I’ve written many times about the risks of Trump’s authoritarianism and his impulse for violence. But I also have some qualms about dictatorship discourse, which I think fails to capture the full complexity of the possible dark outcomes that the United States faces in the remainder of the 2020s. In particular, I think focusing just on the risk of “dictatorship” vs. “freedom” misses another crucial axis of contention, which is “stability” vs. “anarchy”. Trump might try to establish a dictatorship, but it doesn’t seem that likely to me that he’ll succeed. Rather, his attempts might plunge the country into something more akin to anarchy, producing inter-communal violence, balkanization, and a progressive loss of governmental legitimacy and authority. Crucially, this remains a threat even before the 2024 election and even if Trump doesn’t make serious efforts to establish a dictatorship after it.
The outcome might also be some combination of these things. You can have highly stable dictatorships, but you can also have anarchic ones, in which the government is simultaneously too powerful and too weak. Governments like this thrash their power around and oppress their opponents, but by doing so they undermine their own legitimacy and bring about the steady erosion of any other form of authority except brute force.
Imagine that it’s March 2025, and President Donald Trump declares illegal immigration to be functionally equivalent to an invasion and announces that he is calling in the military to round up the undocumented and place them in detention camps prior to their deportation. States and localities then refuse to cooperate and even begin actively attempting to protect the undocumented from federal authority. Trump declares California, Oregon and Chicago to be in a state of rebellion, invokes the Insurrection Act, and orders the military to seize their organs of civil government. Soon, military and civil officials are refusing to comply with his orders, a dozen courts have enjoined various aspects of them, and there are mass protests in American urban centers on a scale unseen since the summer of 2020.

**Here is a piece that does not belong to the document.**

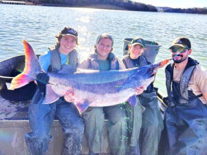 MDC staff (l-r) Jaida Kettner, Brie Cranor, Jessa Chapmon, and Carson Rees captured, tagged, and released this 118-pound paddlefish from Table Rock Lake in January. Information gathered from returned tags will help paddlefish management.

In this scenario, the result of Trump’s actions is not dictatorship - it’s anarchy. At a stroke the federal government has lost all of its legitimacy in the eyes of large swathes of the country, and it has become effectively paralyzed. But at the same time, the right - militias, red-state voters, and a GOP majority in Congress - are becoming increasingly polarized and calling for violence to be used to enforce the president’s orders and reassert federal authority at gunpoint. Local police forces and red-state security agencies like the Texas Rangers might attempt to enforce the president’s deportation orders even as the federal military refuses to. It would be the country’s greatest crisis since the civil war, one after which it might take decades to stitch the country back together. But it wouldn’t be a dictatorship.
This kind of anarchic crack up is not impossible to imagine even before the November 2024 election. One problem I have with the “dictatorship” discourse is that it focuses our attention on what might happen after January 2025. But Trump remains a threat to American freedom and stability even today, and that threat will only increase once his criminal trials begin.